What you have to do | Please write out only the lines from the line with "This paper proposes" to the line with "Round Neck Long", inclusive, exactly as they stand below, without the pictures.
(Extracted material begins)
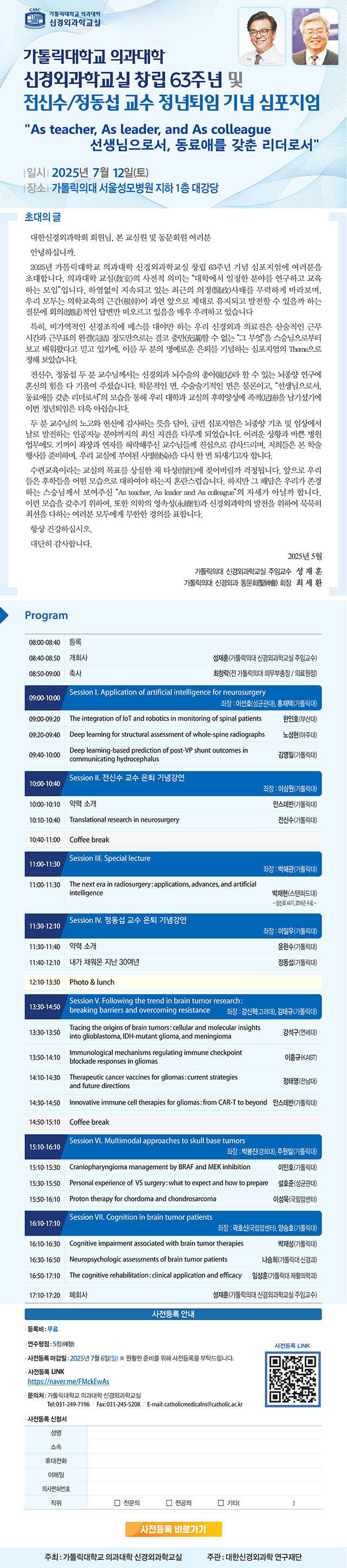 가톨릭대학교 의과대학 신경외과학교실 창립 63주년 및 전신수/정동섭 교수 정년퇴임 기념 심포지엄
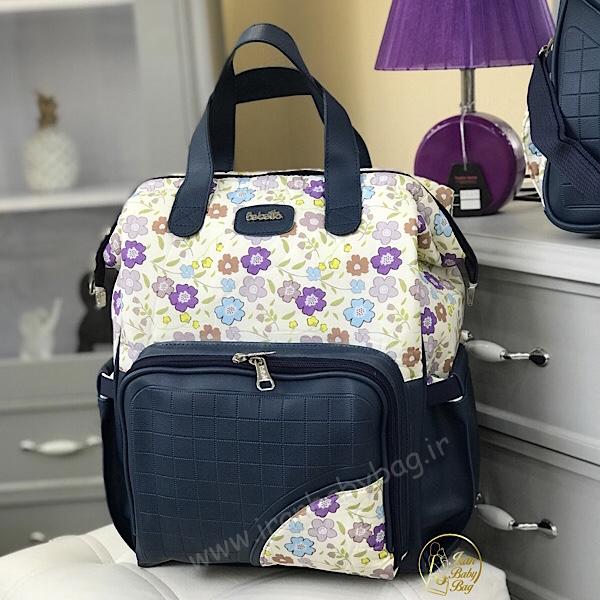 ساک رودوشی لوازم نوزاد نما چرم گلدار سورمهای
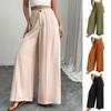 Pantalones casuales de pierna ancha para mujer, nuevos, con bolsillo, ligeros, de cintura alta, con cordones, sueltos y largos, de Amazon, transfronterizos europeos y americanos
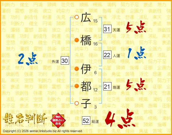 広橋伊都子さんの総運は52画の4点!
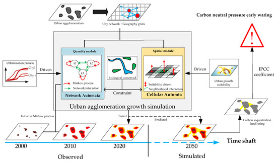 This paper proposes a framework based on urban growth modeling to provide early warnings about the carbon-neutral pressure of urban agglomerations. The framework has two core modules, the quantity module and the spatial module, to accomplish urban growth simulation and prediction for large-scale regions over a long time period. The former integrates the inertia of historical land-use change, the driving effects of the urbanization law (S-curve), and the traction of the urban agglomeration network to model the long-term quantity change of urban land in a large-scale region. The latter couples a partitioned modeling framework, spatially heterogeneous rules, and quantified land-use planning orientation to build a CA model to accurately allocate the urbanized cells in a large-scale spatial domain. These two modules are both designed to improve the ability of the land-use model to simulate urban growth on a large scale and over the long term, which are both basic characteristics of carbon-neutral planning.
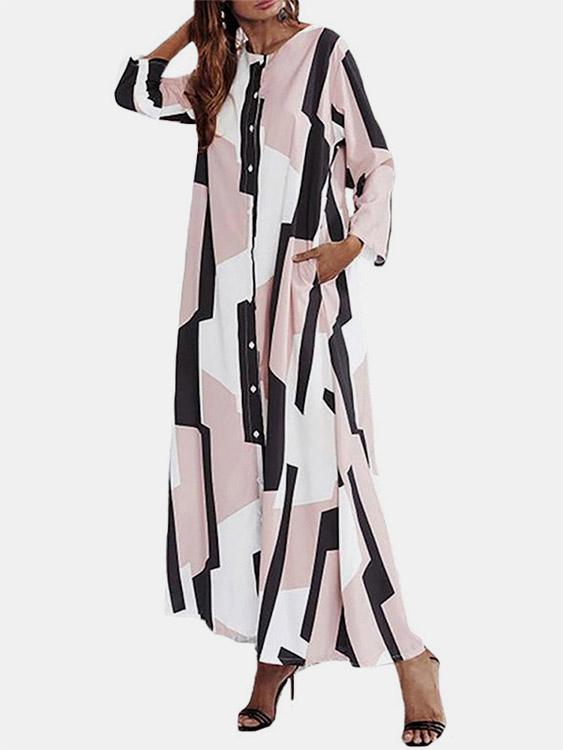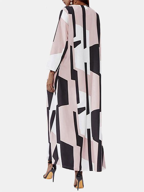 Round Neck Long Sleeve Geometrical Maxi Dress
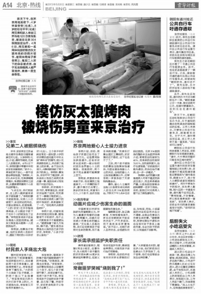 平平、安安家住江苏省连云港市东海县石榴街道麻汪村。今年4月6日下午5点多,兄弟俩与10岁的邻居顺顺在村边树林里模仿动画片《喜羊羊与灰太狼》中烤羊肉串的剧情,做“绑架烤羊”游戏。顺顺把平平、安安绑在树上,并点燃了地上的树叶。经诊断,平平全身多处烧伤40%,安安全身烧伤80%。5月7日,兄弟俩因病情危重转至北京市304医院继续治疗(本报5月8日曾报道)。
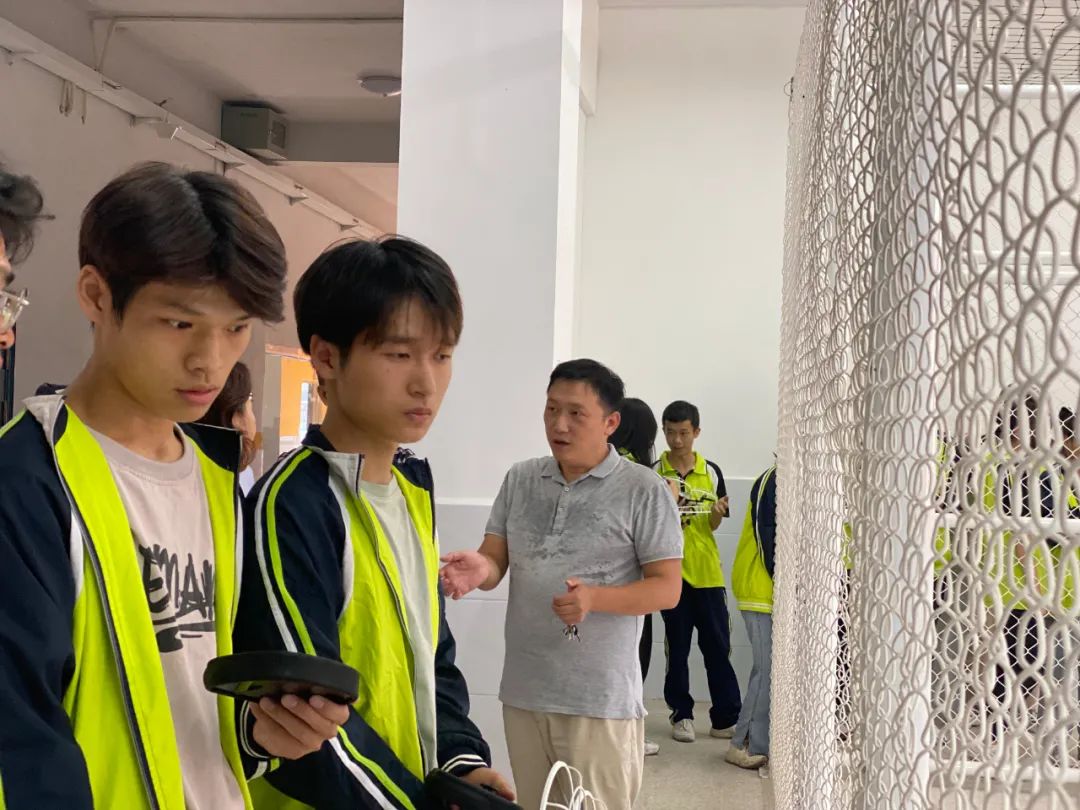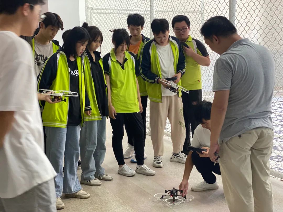 理论讲解结束后,活动进入实际操作环节。王老师给同学们进行实际操控演练展示,讲解实操注意事项,并指导同学们练习独立操控无人机、悬停等无人机飞行专业技术。
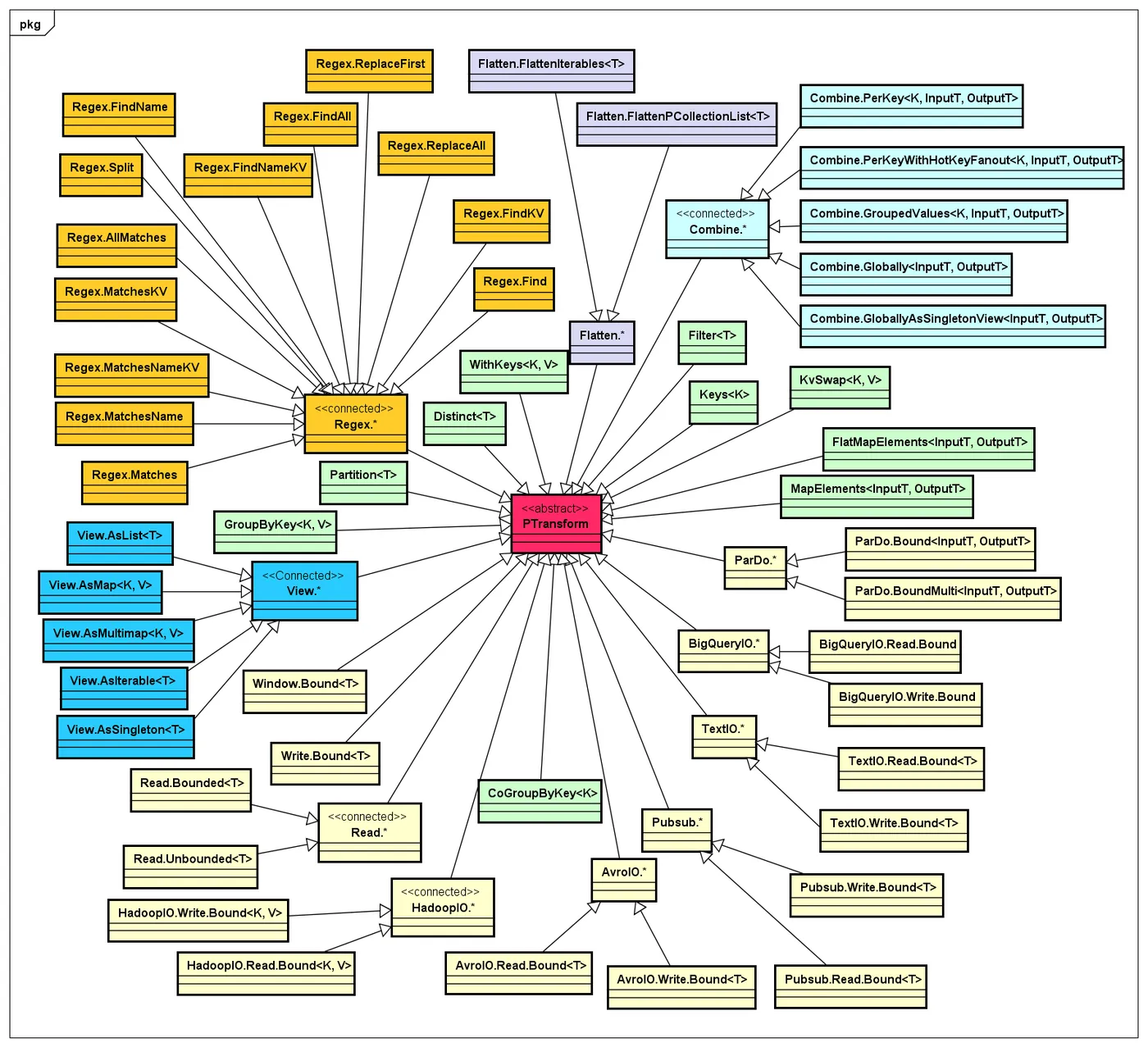 一个Pipeline是由一个或多个PTransform构建而成的DAG图,其中每一个PTransform都具有输入和输出,所以PTransform是Apache Beam中非常核心的组件,我按照PTransform的做了一下分类,如下类图所示:
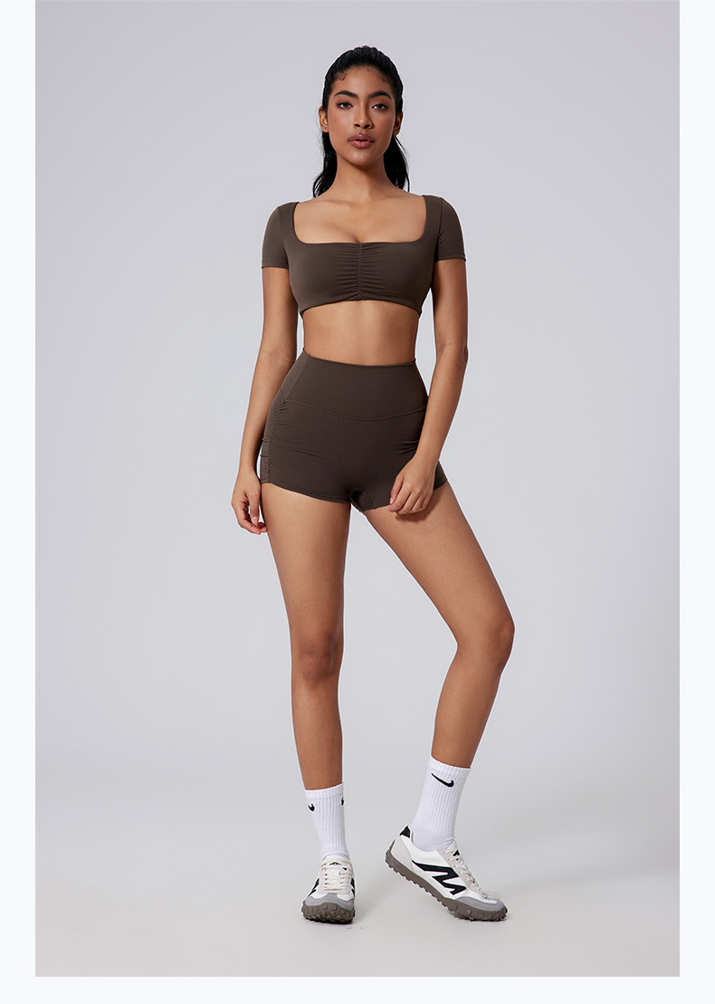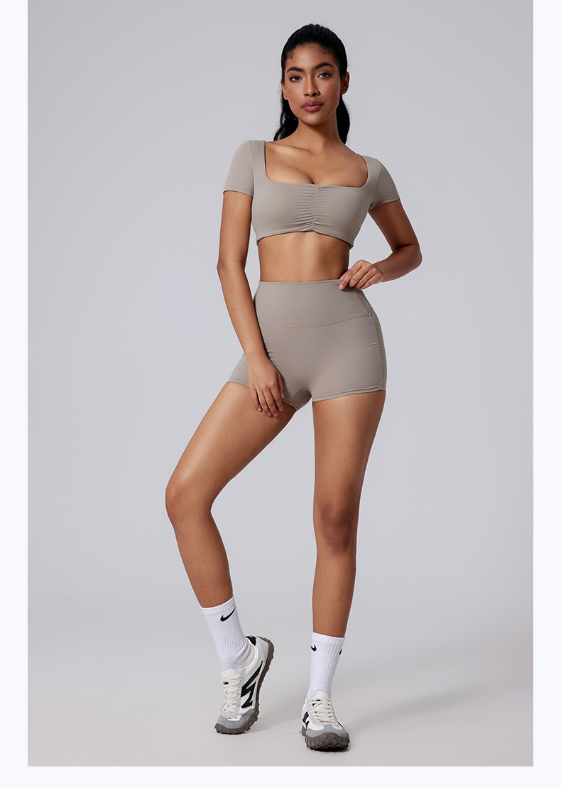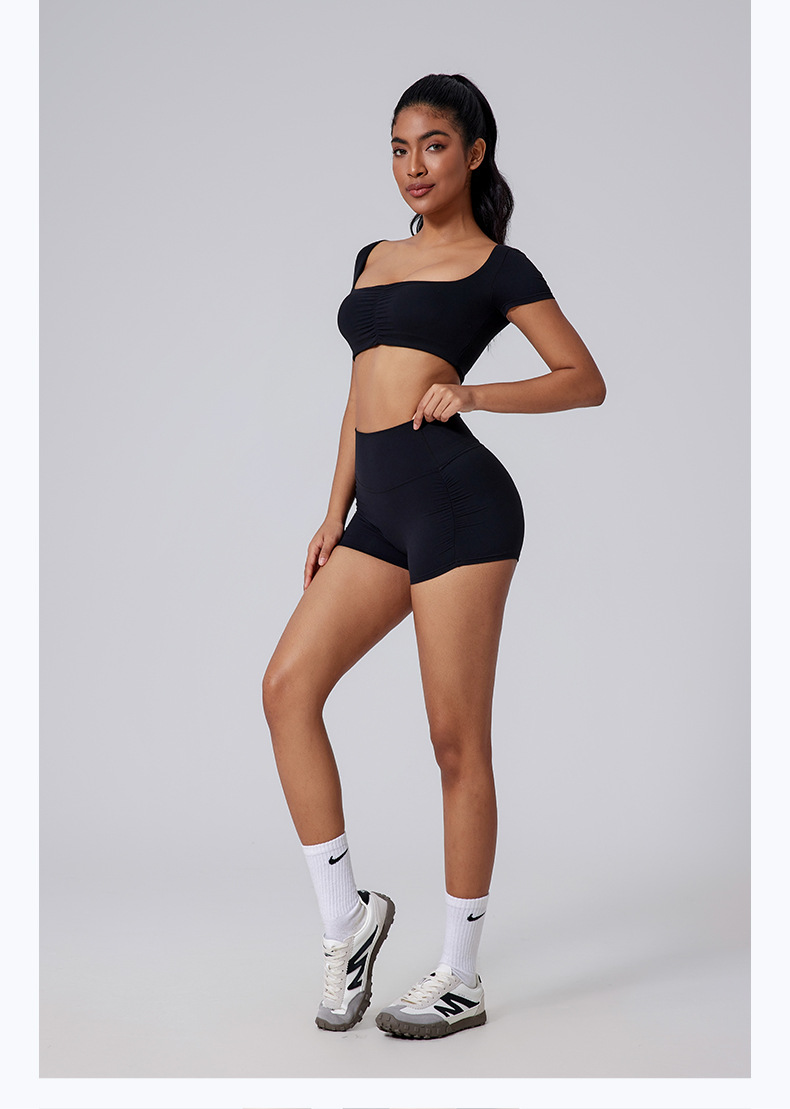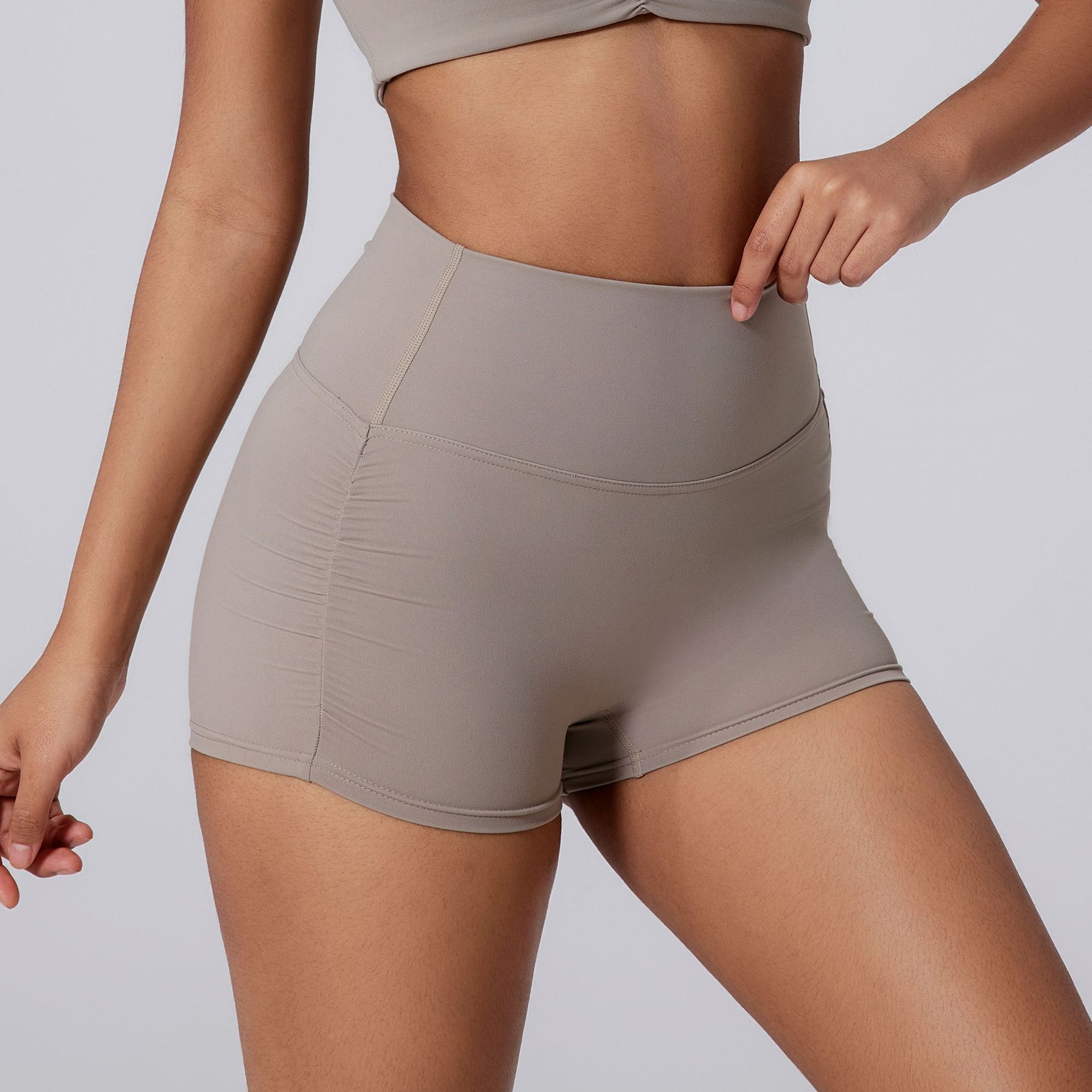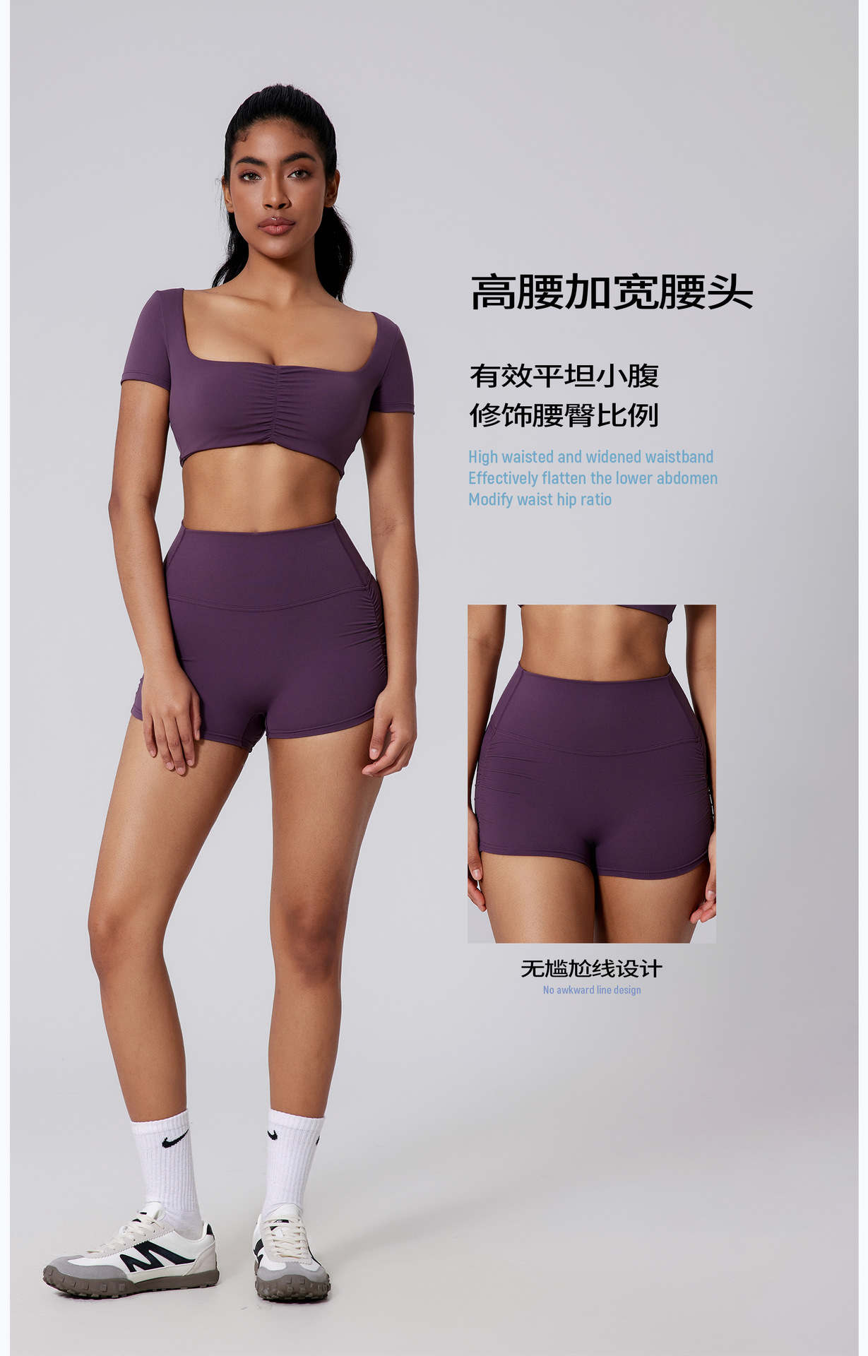 국경 간 구름 감각 이중 갈기 요가 반바지 포장 된 복부 플라스틱 허리 스포츠 바지 피트니스 주름 복숭아 엉덩이 외투 반바지 여성스토어 가기
(Extracted material ends)
Solution for this problem |
 This paper proposes a framework based on urban growth modeling to provide early warnings about the carbon-neutral pressure of urban agglomerations. The framework has two core modules, the quantity module and the spatial module, to accomplish urban growth simulation and prediction for large-scale regions over a long time period. The former integrates the inertia of historical land-use change, the driving effects of the urbanization law (S-curve), and the traction of the urban agglomeration network to model the long-term quantity change of urban land in a large-scale region. The latter couples a partitioned modeling framework, spatially heterogeneous rules, and quantified land-use planning orientation to build a CA model to accurately allocate the urbanized cells in a large-scale spatial domain. These two modules are both designed to improve the ability of the land-use model to simulate urban growth on a large scale and over the long term, which are both basic characteristics of carbon-neutral planning.
 Round Neck Long Sleeve Geometrical Maxi Dress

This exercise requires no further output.